Расстелив белое полотно на обочине, у границы поля, Миоци начал вечернюю молитву. Иэ тоже обернулся лицом к потемневшему востоку и воздел руки.
О, восстань!
Утешь ожидающих Тебя,
обрадуй устремляющих к Тебе взор.
Завершив песнопения, молодой белогорец легко вспрыгнул, точно взлетел, на повозку, и резко хлестнул лошадей, - его плащ взметнулся и опал тяжелыми темными складками.
-Сейчас ты молишься только Уснувшему, так ведь? - не то спросил, не то утвердительно сказал Иэ.
-Да, это так, - не сразу ответил Миоци. Иэ тоже смолк.
Они проезжали мимо белевшего в темноте каменного поля, на котором виднелись обгоревшие пни деревьев. Небольшая речка, протекавшая через это разоренное место, то и дело поблескивала среди груд камней и мертвых деревьев. Когда ее журчание, похожее на какую-то одну, постоянно повторяющуюся фразу, стихло в отдалении, Миоци спросил у Иэ:
-Что это за разоренное селение?
-Здесь жили карисутэ. Нэшиа приказал уничтожить огнем Уурта их селение, а поле завалить камнями. Если бы солнце светило, ты бы увидел, что вода в речке красная...Она осталась такой с тех пор.
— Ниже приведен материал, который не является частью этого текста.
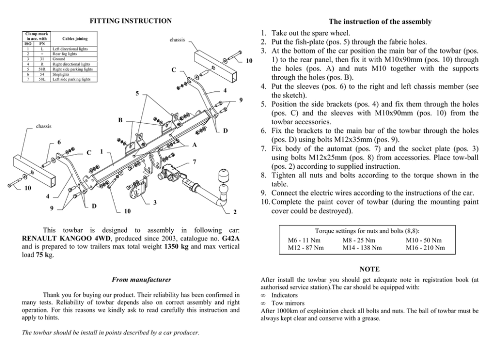 FITTING INSTRUCTION Clamp mark in acc. with ISO PN 1 L 2 + 3 31 4 R 5 58R 6 54 7 58L Cables joining chassis Left directional lights Rear fog lights Ground Right directional lights Right side parking lights Stoplights Left side parking lights 10 C 4 5 9 B chassis D 6 A 1 C 7 10 4 9 D 3 10 2 This towbar is designed to assembly in following car: RENAULT KANGOO 4WD, produced since 2003, catalogue no. G42A and is prepared to tow trailers max total weight 1350 kg and max vertical load 75 kg. The instruction of the assembly 1. Take out the spare wheel. 2. Put the fish-plate (pos. 5) through the fabric holes. 3. At the bottom of the car position the main bar of the towbar (pos. 1) to the rear panel, then fix it with M10x90mm (pos. 10) through the holes (pos. A) and nuts M10 together with the supports through the holes (pos. B). 4. Put the sleeves (pos. 6) to the right and left chassis member (see the sketch). 5. Position the side brackets (pos. 4) and fix them through the holes (pos. C) and the sleeves with M10x90mm (pos. 10) from the towbar accessories. 6. Fix the brackets to the main bar of the towbar through the holes (pos. D) using bolts M12x35mm (pos. 9). 7. Fix body of the automat (pos. 7) and the socket plate (pos. 3) using bolts M12x25mm (pos. 8) from accessories. Place tow-ball (pos. 2) according to supplied instruction. 8. Tighten all nuts and bolts according to the torque shown in the table. 9. Connect the electric wires according to the instructions of the car. 10. Complete the paint cover of towbar (during the mounting paint cover could be destroyed). Torque settings for nuts and bolts (8,8): M6 - 11 Nm M8 - 25 Nm M10 - 50 Nm M12 - 87 Nm M14 - 138 Nm M16 - 210 Nm NOTE From manufacturer Thank you for buying our product. Their reliability has been confirmed in many tests. Reliability of towbar depends also on correct assembly and right operation. For this reasons we kindly ask to read carefully this instruction and apply to hints. The towbar should be install in points described by a car producer. After install the towbar you should get adequate note in registration book (at authorised service station).The car should be equipped with: • Indicators • Tow mirrors After 1000km of exploitation check all bolts and nuts. The ball of towbar must be always kept clear and conserve with a grease. PPUH AUTO-HAK Sp. J. Towbar accessories: Produkcja Zaczepów Kulowych Henryk & Zbigniew Nejman 76-200 SŁUPSK ul. Słoneczna 16K tel/fax (059) 8-414-414; 8-414-413 E-mail: [email protected] www.autohak.com.pl Towing hitch (without electrical set) Class: A50-X Cat. no. G42A Technical data: D-value: 7,7 kN maximum trailer weight: 1350 kg maximum vertical cup load: 75 kg Designed for: Manufacturer: RENAULT Model: KANGOO Type: 4WD produced since 2003 Approval number according to Directive 94/20/EC: e20*94/20*1052*00 Foreword This towbar is designed according to rules of safety traffic regulations. The towing hitch is a safety component and can be install only by qualified personnel. Any alteration or conversion of the towing hitch is prohibited and would lead to cancellation of design certification. Remove insulating compound and underseal from vehicle (if present) in the area of the matting surfaces of the towing hitch. The vehicle manufacturer’s specifications regarding trailer load and max. vertical cup load are decisive for driving, and values for the towing hitch cannot be exceeded. D-value formula: Max trailer weight [kg] x Max vehicle weight [kg] Max trailer weight [kg] + Max vehicle weight [kg] X 9,81 = 1000 D [kN] INSTRUCTION De montage et d’exploitation du dispositif d'attelage à boule Désignation de borne selon la norme ISO PN 1 L 2 3 + 31 4 R 5 6 7 58R 54 58L Instructions de montage poutre d’origine Connexion des câbles 10 Pour indicateurs de direction gauche Feux de brouillard arrière Au poids du véhicule Pour indicateurs de direction droite Feux de circulation droites Pour feux de freinage Feux de circulation gauches C 4 5 9 B poutre d’origine D 6 A 1 C 7 10 4 9 D 3 10 2 Le dispositif d'attelage à boule est conçu pour être monté dans la voiture: RENAULT KANGOO 4WD, produit à partir de 2003, numéro de catalogue G42A et est utilisé pour tirer des remorques du poids total 1350 kg et de la pression totale sur la boule max 75 kg. 1. Enlever le bouchon du pare-chocs. 2. Mettre les éclisses avec le vis et l’écrou (pos.5) dans les trous du panneau arrière. 3. Au dessous du véhicule, placer la poutre principale (pos.1) au panneau arrière, ensuite serrer à l’aide des vis M10x90mm (pos. 10) à travers des trous (pos. A) et l’aide des écrous M10 à travers des trous (pos. B) avec des éclisses. 4. Mettre des douilles d’écartement (pos.6) avec des rondelles (pos.15) – (regarder le dessin) dans les longerons, dans les trous du côté droit et gauche. 5. Positionner les appuis latéraux (pos.4) et à travers des trous (pos.C) et à travers des douilles, serrer à l’aide des vis M10x90mm (pos.10). 6. Serrer la poutre de l’attelage avec les appuis latéraux à travers des trous (pos.D) à l’aide des vis M12x35mm (pos.9). 7. Serrer le carter du mécanisme automatique (pos.7) à l’aide des vis M12x25mm (pos.8) avec la tôle sous la prise (pos.3) à l’attelage préparé ainsi. Monter la boule d’attelage suivant l'instruction jointe au l’attelage avec l’attache facilement démontable. 8. Serrer tous les vis aux couples de serrage, comme indiqué dans le tableau. 9. Connecter les câbles de la prise 7 – à l'installation électrique en conformité avec les instructions d'une usine automobile (recommandé la mise en œuvre d’une station-service autorisée) 10. Remplir des pertes de peinture causés durant l'installation. Couples de serrage recommandé pour les vis et les écrous 8,8: M6 - 11 Nm M 8 - 25 Nm M 10 - 50 Nm M 12 - 87 Nm M 14 - 138 Nm M16 - 210 Nm Attention DE LA PART DU FABRICANT Merci d'avoir choisi le dispositif d'attelage à boule produit

-Я слышал об этой речке, но не думал, что она так близко. Это о ней говорят, что она повторяет приветствие карисутэ?
-Да, о ней.
-Странно, она действительно произносит какое-то слово..."воссиял",кажется?
-Да, так оно и есть, - кивнул Иэ.
-Ты тоже веришь в это, Иэ?
-Верю в то, что эта речка говорит, или в то, о чем она говорит?
Миоци промолчал.
-Карисутэ знали, что их Бог может отверзать уста не только немым людям, но и камням, и рекам, - промолвил Иэ.
-Верили, ты хочешь сказать?
-Отчего же - знали.
-Я не понимаю, - Миоци посмотрел на старого белогорца.- Белогорцы не ищут чудес. Они ищут мудрость. Чудеса творят и кудесники-фроуэрцы, дети болот и пещер. И сыны Запада, как говорят, являясь, творят чудеса, - он передернул плечами, и добавил: - Это недостойно служителей Всесветлого.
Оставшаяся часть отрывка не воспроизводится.